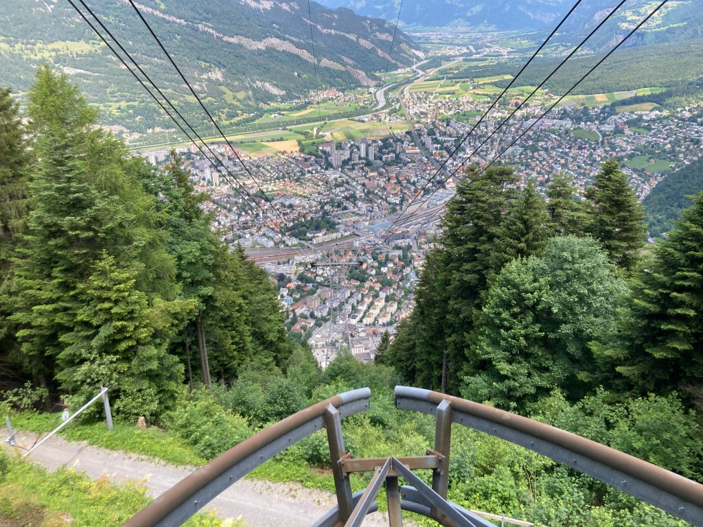 Another change in the weather: a clear, sunny day. After a tour of the old town we walked to the Brambrüesch cable-car. The second part of the ascent is in a scary, and rather old, little gondola. A fellow passenger was nearly sick when we set off.
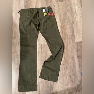 Vintage very low rise Diesel Buccaneers style pants, olive green color. Perfect for casual wear.
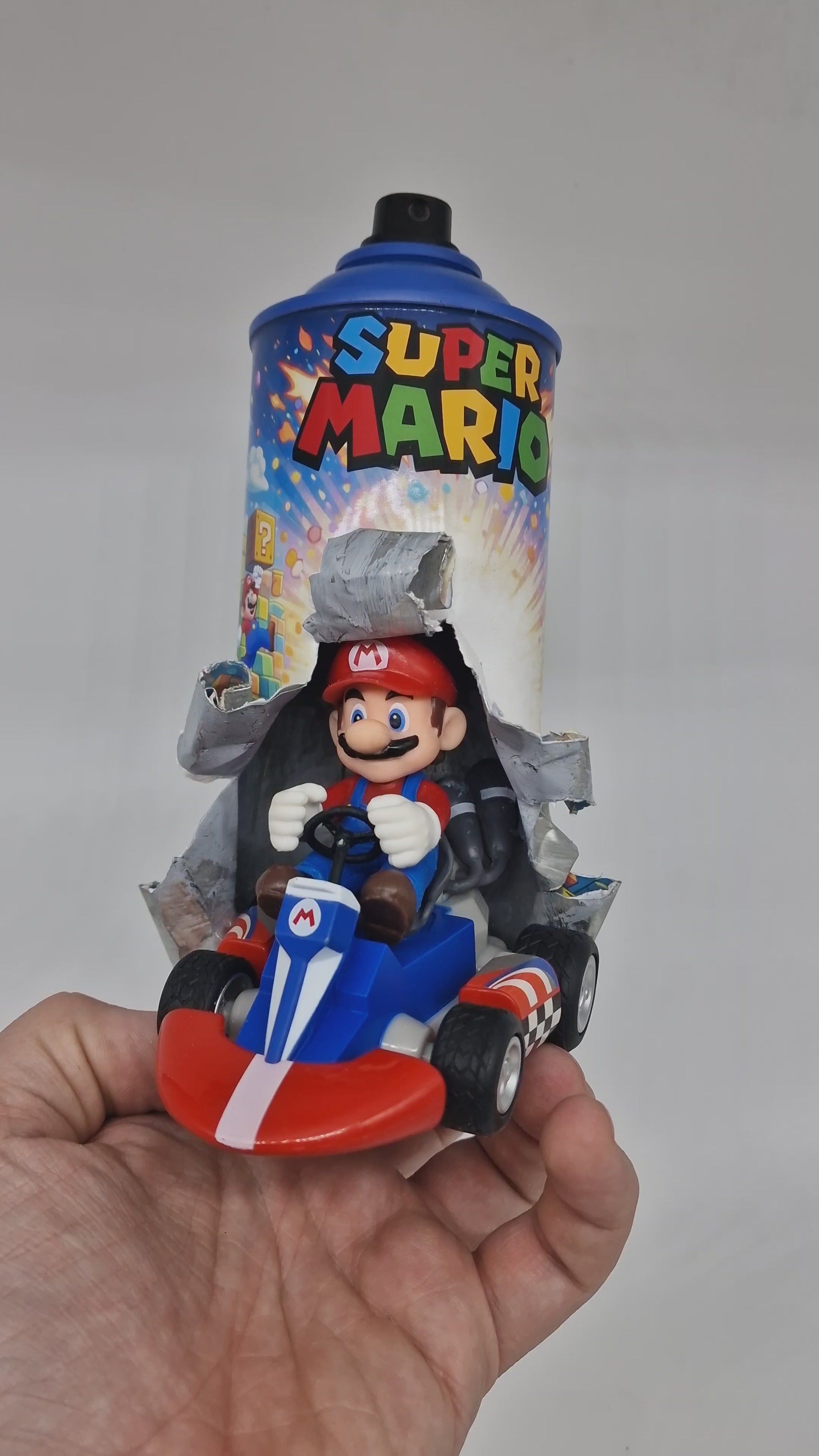 Bombe de peinture custom nintendo – Figurine mario pop culture artisanale
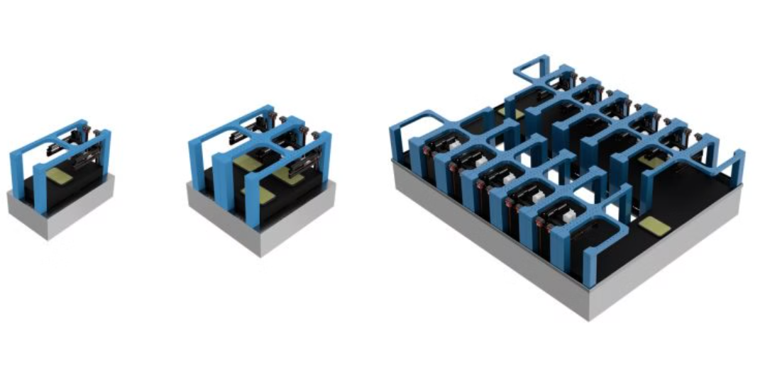 Matrix6D的核心在于“基于网格的XY可配置工具单元架构”,允许任意数量的工具站以矩阵形式排列,每个工具站都可以根据所需的构建体积和精度进行定制化配置。每个工具站都相当于一个迷你制造单元,支持多种材料沉积工艺,包括气溶胶喷射、喷墨打印、直写技术、点胶以及挤出等。此外,这些工具站还能集成非增材制造工艺,例如固化、后处理、拾取和放置机器人,以及用于校准和检测的视觉系统。移动构建平台通过磁悬浮技术在不同工具站之间自主穿梭,从而完成复杂的多步骤制造任务,完全摆脱了传统3D打印机的空间和功能限制。
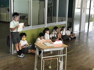 10月9日(金)3校時に、かずちゃん文庫の撮影をしていたら、2年生が本を借りに入ってきました。その様子を撮影して外に出たら、子供たちが上靴の数を数え12人を超えているから外で待っとこうといって待機していました。密を防ぐためだそうです。感心しました。
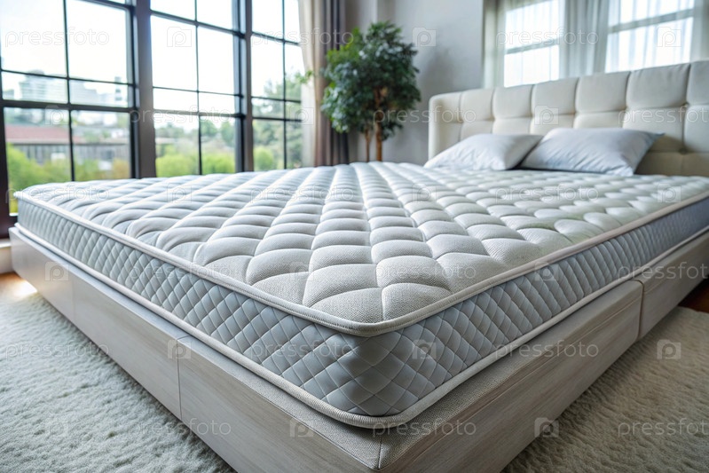 Новый белый роскошный комфортабельный ортопедический матрас на кровати в светлой спальне
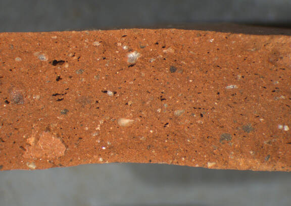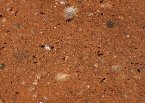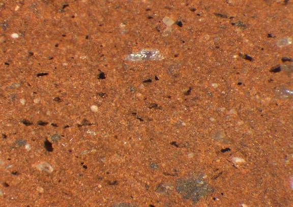 reddish yellow, smooth; some fine to large white and small dark inclusions |
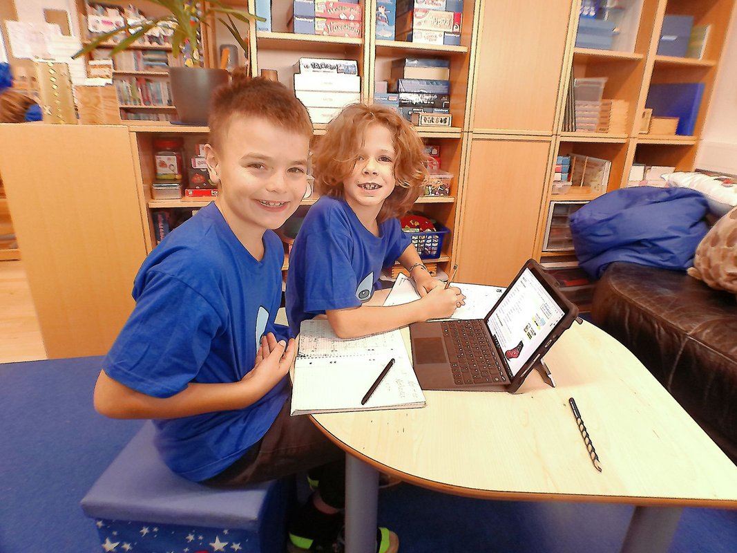 Nach dem Einstiegstag ins Thema "Digitale Welten" noch vor den Herbstferien, beschäftigten wir uns in der ersten Werkstattwoche im November mit dem Computer. Wir fanden heraus, wie dieser funktioniert und wer ihn erfunden hat. Außerdem überlegten wir zusammen, warum Computer heutzutage eine so wichtige Rolle im Beruf und auch zu Hause spielen. Zu erkunden, wie Computer funktionieren, welche Programme und Apps es gibt und wie sich ein Computer alles "merken" kann, faszinierte uns sehr. Dabei waren die Aufgaben sehr unterschiedlich und wir arbeiteten zusammen in kleinen Teams sowohl analog als auch digital an den verschiedenen Themen und trugen dann unsere Ergebnisse vor, um darüber in einen Austausch zu kommen.
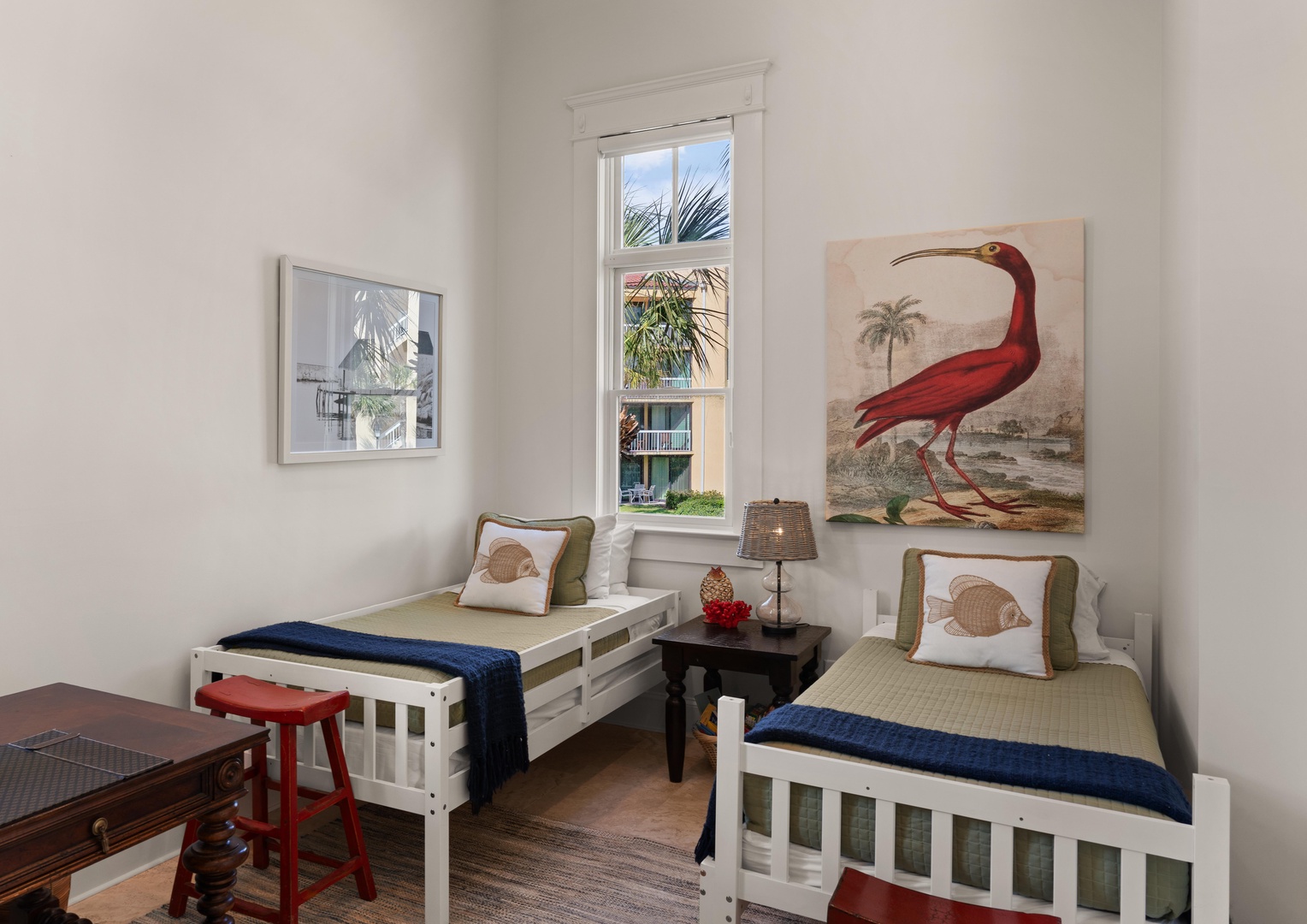 • Last but not least, the Twin room with 2 single beds (sleeps 2), and a flat screen TV. There is also a desk for the working remotely.

• • •

WHAT YOU SHOULD DO: Pictures excluded, transcribe the listing above exactly from the line with "Новый белый роскошный" through the line with "reddish yellow, smooth;", and no further.

RESULT:
 Новый белый роскошный комфортабельный ортопедический матрас на кровати в светлой спальне
 reddish yellow, smooth; some fine to large white and small dark inclusions |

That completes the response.